The Day After Tomorrow on DVD

As far as disaster movies go, The Day After Tomorrow is the most disastrous yet.

It features some of the best destruction scenes ever done, but the movie itself is pretty terrible.

After witnessing a big chunk of the polar ice caps breaking off, climatologist Jack Hall (Dennis Quaid) is worried about global warming bringing about a new ice age. He says it shouldn’t happen for another 100 years at least, but he changes his mind when he sees Los Angeles destroyed by a series of tornadoes. Before long, the entire Northern Hemisphere will be completely covered with ice.

When Jack gets word that New York City has been flooded, he decides it’s a good idea to go rescue his son, even though soon enough the entire city will be frozen solid. For the rest of the movie, it’s basically a race against time to see who can survive.

The Day After Tomorrow is a tough one to call. On one hand, the special effects and disaster sequences are really cool. On the other hand, the movie really sucks. Like previous Roland Emmerich films, the first act is pretty hardcore and only hindered by its story (which in this case is extremely politically correct and not very well written - let alone well thought out). In the second act not much happens, but you keep going because you want to see more of what you got in the first act. And finally, the third act has some intense moments, but is an ultimately unsatisfying climax.

The filmmakers (and critics, and liberals) would like you to believe that if we don’t stop doing what we’re doing (i.e. global warming), the events in the movie will surely take place. Just as Al "Sore Loser" Gore. In fact, director Emmerich seems to have spent more time on his agenda (and in finding a Dick Cheney look-alike to play the evil capitalist Vice President) than he did on the script. And it must be noted that he even stole at least one shot from his own movies! In Independence Day, there’s a shot of a fireball rolling down the street in Washington D.C. In The Day After Tomorrow, there’s an almost identical shot of water rolling down the street in New York City. Both push cars high in the air as people scream and do their best to run away.

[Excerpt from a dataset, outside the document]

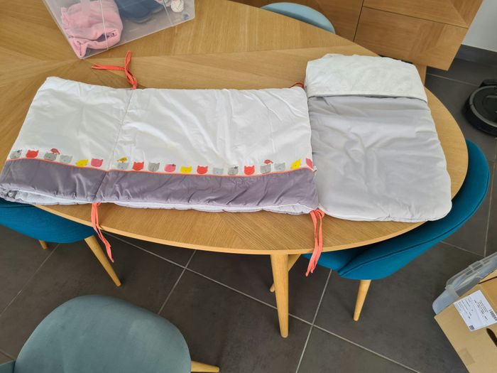 Tour de lit Obaïbi et nid d'ange DPAM en très bon état. Il y a juste 1 ficelle que j'ai remis et la couleur n'ai pas la même. Sinon c'est comme neuf

More could be said, but why? To put it as simply as possible, the first hour of the movie is well worth watching, provided you don’t pay attention to what anybody is saying. The second half is pretty much a write-off, with a whole bunch of by-the-numbers action sequences you can see in better movies. Had it been made by a filmmaker with more talent than power, instead of the other way around, there’s a good chance it could have been much better.

As a single disc, non special edition DVD, you can’t ask for much better than this. Picture quality, presented in 2.35:1 anamorphic widescreen, is stunning. Colors are rich, and detail is phenomenally sharp. There are plenty of scenes filled with snow, which could generally cause problems, but you never have any trouble making out everything that’s going on. This is the kind of movie that screams out for home theater, so you can be right there as the world blows up. In the audio department, you get your choice of Dolby Digital 5.1 or dts 5.1. Either will give you a fantastic feeling of envelopment as tornadoes fly all around you and water floods your living room (not literally, of course). The subwoofer rumbles nicely (if a little too much at some points), and even the score is subtly intense.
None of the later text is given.